(Beginning of SOURCE INFORMATION)

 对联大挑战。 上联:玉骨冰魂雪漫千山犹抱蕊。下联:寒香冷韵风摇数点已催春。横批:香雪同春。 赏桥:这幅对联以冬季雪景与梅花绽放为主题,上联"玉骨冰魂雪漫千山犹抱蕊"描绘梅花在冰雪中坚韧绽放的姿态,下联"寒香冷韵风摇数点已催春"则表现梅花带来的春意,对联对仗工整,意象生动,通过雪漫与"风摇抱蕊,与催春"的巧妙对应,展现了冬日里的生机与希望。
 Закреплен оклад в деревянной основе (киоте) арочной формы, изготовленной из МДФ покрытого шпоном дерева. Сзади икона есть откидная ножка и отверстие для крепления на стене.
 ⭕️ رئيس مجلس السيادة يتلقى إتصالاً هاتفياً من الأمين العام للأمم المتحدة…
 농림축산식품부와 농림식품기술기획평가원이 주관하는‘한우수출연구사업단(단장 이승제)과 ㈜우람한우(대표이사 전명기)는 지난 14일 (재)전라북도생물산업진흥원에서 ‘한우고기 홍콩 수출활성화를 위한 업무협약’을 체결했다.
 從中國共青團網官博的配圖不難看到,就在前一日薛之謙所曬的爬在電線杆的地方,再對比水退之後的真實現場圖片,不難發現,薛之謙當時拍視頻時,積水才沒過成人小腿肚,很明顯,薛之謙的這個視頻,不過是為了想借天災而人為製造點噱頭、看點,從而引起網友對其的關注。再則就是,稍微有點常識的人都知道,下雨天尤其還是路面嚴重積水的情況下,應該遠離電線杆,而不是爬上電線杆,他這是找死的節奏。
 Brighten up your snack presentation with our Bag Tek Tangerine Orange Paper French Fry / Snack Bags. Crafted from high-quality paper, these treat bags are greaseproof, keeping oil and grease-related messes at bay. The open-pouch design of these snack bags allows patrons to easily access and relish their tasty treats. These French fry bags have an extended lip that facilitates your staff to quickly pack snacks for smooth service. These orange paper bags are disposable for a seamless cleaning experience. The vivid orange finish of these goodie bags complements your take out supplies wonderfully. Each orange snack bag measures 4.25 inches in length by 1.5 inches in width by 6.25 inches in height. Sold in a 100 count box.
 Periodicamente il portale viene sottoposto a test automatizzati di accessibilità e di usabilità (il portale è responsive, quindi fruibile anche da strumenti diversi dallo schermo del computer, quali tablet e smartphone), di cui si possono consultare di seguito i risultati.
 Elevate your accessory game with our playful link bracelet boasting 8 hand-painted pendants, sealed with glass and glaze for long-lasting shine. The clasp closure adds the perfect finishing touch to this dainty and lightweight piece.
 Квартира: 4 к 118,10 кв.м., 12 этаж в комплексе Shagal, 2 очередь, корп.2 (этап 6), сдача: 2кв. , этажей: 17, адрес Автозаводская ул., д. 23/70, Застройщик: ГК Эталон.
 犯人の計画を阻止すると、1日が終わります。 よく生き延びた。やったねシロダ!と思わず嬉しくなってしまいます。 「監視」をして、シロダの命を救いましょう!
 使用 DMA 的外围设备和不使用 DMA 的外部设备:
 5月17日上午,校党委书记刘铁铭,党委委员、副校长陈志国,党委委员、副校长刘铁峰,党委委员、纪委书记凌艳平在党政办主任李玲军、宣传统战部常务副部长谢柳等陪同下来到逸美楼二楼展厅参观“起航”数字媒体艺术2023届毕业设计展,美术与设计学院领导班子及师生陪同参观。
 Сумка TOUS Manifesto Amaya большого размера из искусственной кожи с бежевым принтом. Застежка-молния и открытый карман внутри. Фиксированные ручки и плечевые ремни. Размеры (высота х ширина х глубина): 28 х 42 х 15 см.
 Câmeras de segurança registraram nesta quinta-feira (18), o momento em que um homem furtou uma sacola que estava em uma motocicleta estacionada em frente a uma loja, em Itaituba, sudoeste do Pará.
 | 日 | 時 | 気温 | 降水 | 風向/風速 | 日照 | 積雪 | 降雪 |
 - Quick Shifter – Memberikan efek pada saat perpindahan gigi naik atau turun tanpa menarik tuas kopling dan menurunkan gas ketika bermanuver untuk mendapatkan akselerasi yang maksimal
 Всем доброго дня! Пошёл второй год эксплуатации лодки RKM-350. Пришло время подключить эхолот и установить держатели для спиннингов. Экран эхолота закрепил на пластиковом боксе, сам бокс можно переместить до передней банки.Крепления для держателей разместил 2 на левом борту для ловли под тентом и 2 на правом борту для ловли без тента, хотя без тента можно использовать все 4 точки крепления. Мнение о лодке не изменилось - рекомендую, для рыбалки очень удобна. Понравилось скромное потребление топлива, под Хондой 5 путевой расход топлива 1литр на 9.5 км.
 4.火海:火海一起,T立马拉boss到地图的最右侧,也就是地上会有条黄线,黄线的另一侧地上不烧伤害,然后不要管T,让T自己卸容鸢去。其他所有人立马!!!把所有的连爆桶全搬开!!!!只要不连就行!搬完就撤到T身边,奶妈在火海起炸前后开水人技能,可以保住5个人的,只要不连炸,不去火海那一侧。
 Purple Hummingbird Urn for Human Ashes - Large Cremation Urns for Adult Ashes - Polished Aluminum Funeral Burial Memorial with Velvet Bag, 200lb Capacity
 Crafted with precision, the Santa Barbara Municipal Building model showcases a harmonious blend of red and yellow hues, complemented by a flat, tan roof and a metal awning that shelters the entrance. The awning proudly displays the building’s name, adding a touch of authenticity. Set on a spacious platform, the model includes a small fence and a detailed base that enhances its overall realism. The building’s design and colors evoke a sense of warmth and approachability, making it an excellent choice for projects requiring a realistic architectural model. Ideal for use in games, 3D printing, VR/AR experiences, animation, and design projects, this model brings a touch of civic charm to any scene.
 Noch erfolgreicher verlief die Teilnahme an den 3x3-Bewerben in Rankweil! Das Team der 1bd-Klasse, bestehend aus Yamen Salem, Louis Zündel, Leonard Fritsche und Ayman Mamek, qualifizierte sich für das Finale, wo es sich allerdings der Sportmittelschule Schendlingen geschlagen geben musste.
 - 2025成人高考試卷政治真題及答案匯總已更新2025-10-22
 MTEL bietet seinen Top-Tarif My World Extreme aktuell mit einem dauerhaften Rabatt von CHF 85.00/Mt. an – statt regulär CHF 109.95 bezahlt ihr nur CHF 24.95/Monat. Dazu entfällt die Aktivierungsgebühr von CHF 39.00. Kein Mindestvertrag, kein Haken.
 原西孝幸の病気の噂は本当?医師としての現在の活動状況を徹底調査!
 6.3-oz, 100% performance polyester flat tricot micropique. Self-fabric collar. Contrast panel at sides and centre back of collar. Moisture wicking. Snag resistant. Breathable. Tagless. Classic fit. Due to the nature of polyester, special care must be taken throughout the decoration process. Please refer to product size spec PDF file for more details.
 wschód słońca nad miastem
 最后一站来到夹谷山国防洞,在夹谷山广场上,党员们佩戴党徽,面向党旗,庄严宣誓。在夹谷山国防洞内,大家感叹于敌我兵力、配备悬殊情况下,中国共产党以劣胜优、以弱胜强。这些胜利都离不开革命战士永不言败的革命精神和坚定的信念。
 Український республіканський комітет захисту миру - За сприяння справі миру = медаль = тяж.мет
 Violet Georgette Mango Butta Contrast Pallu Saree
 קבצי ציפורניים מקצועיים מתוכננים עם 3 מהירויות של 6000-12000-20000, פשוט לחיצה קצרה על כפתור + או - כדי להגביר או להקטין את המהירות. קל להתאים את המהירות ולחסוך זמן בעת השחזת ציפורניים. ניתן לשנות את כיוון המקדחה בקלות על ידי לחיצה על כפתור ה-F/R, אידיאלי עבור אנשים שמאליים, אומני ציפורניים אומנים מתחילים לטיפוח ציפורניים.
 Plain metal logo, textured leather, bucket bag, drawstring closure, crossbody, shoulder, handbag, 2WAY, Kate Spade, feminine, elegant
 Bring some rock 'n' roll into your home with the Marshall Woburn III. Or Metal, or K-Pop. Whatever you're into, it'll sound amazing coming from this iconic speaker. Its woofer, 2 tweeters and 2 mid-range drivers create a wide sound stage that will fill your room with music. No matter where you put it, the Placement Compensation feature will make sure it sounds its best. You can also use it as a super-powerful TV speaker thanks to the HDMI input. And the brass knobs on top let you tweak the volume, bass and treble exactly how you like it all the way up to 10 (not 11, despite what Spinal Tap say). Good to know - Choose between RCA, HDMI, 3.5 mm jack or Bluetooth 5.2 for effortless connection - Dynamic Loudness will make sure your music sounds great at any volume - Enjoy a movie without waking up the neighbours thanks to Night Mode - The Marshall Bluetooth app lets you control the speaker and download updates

(End of SOURCE INFORMATION)

### EXERCISE
Taking the entries above, write out exactly the lines starting with the line containing "농림축산식품부와 농림식품기술기획평가원이 주관하는‘한우수출연구사업단(단장" and going on through the line containing "從中國共青團網官博的配圖不難", both included, and nothing else.

### EXERCISE RESULT
 농림축산식품부와 농림식품기술기획평가원이 주관하는‘한우수출연구사업단(단장 이승제)과 ㈜우람한우(대표이사 전명기)는 지난 14일 (재)전라북도생물산업진흥원에서 ‘한우고기 홍콩 수출활성화를 위한 업무협약’을 체결했다.
 從中國共青團網官博的配圖不難看到,就在前一日薛之謙所曬的爬在電線杆的地方,再對比水退之後的真實現場圖片,不難發現,薛之謙當時拍視頻時,積水才沒過成人小腿肚,很明顯,薛之謙的這個視頻,不過是為了想借天災而人為製造點噱頭、看點,從而引起網友對其的關注。再則就是,稍微有點常識的人都知道,下雨天尤其還是路面嚴重積水的情況下,應該遠離電線杆,而不是爬上電線杆,他這是找死的節奏。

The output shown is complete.